Thank you for the insightful questions! Please see below...
The research requirements for the Cornell studies involve very high data standards: Specificity and Sensitivity both need to be greater than 95%. That's even more challenging that having an accuracy level that high. We conducted a validation study at the beginning of this project, which revealed we need between 15 and 20 annotations per vessel to achieve that quality level. So, today, we collect 20 annotations per vessel.
Yes - exactly. We are currently working on a method to assign weight to a user's response based on their sensitivity, which will mean we can collect fewer annotations per vessel. This method will also adjust for individual response bias. Once it has been validated, we can even apply it retroactively. This is currently our highest research priority in EyesOnALZ.

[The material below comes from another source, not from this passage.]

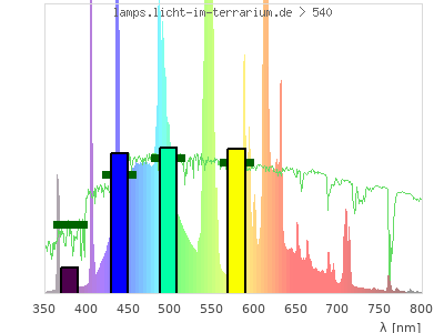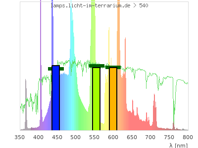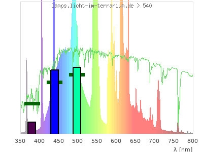 total ( 0 nm - 0 nm) 1120 µW/cm² = 11.2 W/m² UVC ( 0 nm - 280 nm) 0 µW/cm² = 0 W/m² non-terrestrial ( 0 nm - 290 nm) 0 µW/cm² = 0 W/m² total2 ( 250 nm - 880 nm) 1120 µW/cm² = 11.2 W/m² UVB (EU) ( 280 nm - 315 nm) 2.48 µW/cm² = 0.0248 W/m² UVB (US) ( 280 nm - 320 nm) 2.88 µW/cm² = 0.0288 W/m² UVA+B ( 280 nm - 380 nm) 17.8 µW/cm² = 0.178 W/m² Solar UVB ( 290 nm - 315 nm) 2.48 µW/cm² = 0.0248 W/m² UVA D3 regulating ( 315 nm - 335 nm) 1.57 µW/cm² = 0.0157 W/m² UVA (EU) ( 315 nm - 380 nm) 15.3 µW/cm² = 0.153 W/m² UVA2 (medical definition) ( 320 nm - 340 nm) 1.55 µW/cm² = 0.0155 W/m² UVA (US) ( 320 nm - 380 nm) 14.9 µW/cm² = 0.149 W/m² UVA1 (variant) ( 335 nm - 380 nm) 13.7 µW/cm² = 0.137 W/m² UVA1 (medical) ( 340 nm - 400 nm) 17.1 µW/cm² = 0.171 W/m² vis. UVA ( 350 nm - 380 nm) 12.9 µW/cm² = 0.129 W/m² VIS Rep3 ( 350 nm - 600 nm) 806 µW/cm² = 8.06 W/m² VIS Rep4 ( 350 nm - 700 nm) 1080 µW/cm² = 10.8 W/m² purple ( 380 nm - 420 nm) 38.5 µW/cm² = 0.385 W/m² VIS ( 380 nm - 780 nm) 1100 µW/cm² = 11 W/m² VIS2 ( 400 nm - 680 nm) 1050 µW/cm² = 10.5 W/m² PAR ( 400 nm - 700 nm) 1070 µW/cm² = 10.7 W/m² tmp ( 400 nm - 1100 nm) 1090 µW/cm² = 10.9 W/m² blue ( 420 nm - 490 nm) 321 µW/cm² = 3.21 W/m² green ( 490 nm - 575 nm) 350 µW/cm² = 3.5 W/m² yellow ( 575 nm - 585 nm) 27.8 µW/cm² = 0.278 W/m² orange ( 585 nm - 650 nm) 291 µW/cm² = 2.91 W/m² red ( 650 nm - 780 nm) 68.3 µW/cm² = 0.683 W/m² IRA ( 700 nm - 1400 nm) 27.1 µW/cm² = 0.271 W/m² IR2 ( 720 nm - 1100 nm) 9.11 µW/cm² = 0.0911 W/m² IRB ( 1400 nm - 3000 nm) 0 µW/cm² = 0 W/m²

The sudden drop associated with getting dinged for a few incorrect (or disagreed with) annotations is an unavoidable characteristic of our unique method, which ensures that all contributions are helpful, and that web bots or malicious actors cannot adversely influence the data. Another key aspect of this method is that it adjusts rapidly to intraday fluctuations in a user's sensitivity. For example, many people naturally experience an afternoon "slump". We also have Alzheimer's patients participating, who also have moments of higher or lower lucidity, and this ensure they can contribute beneficially anytime they play.
Also, as we continue to curate and build our library of calibration vessels, we hope to reduce disagreements and increase learning opportunities.
Sensitivity is indeed windowed, but the "blue tube" (label credited to @evelynrsmith) already reflects the windowed value. The window size was chosen to balance between statistical power and responsiveness.
I hope that's helpful and thanks again for asking!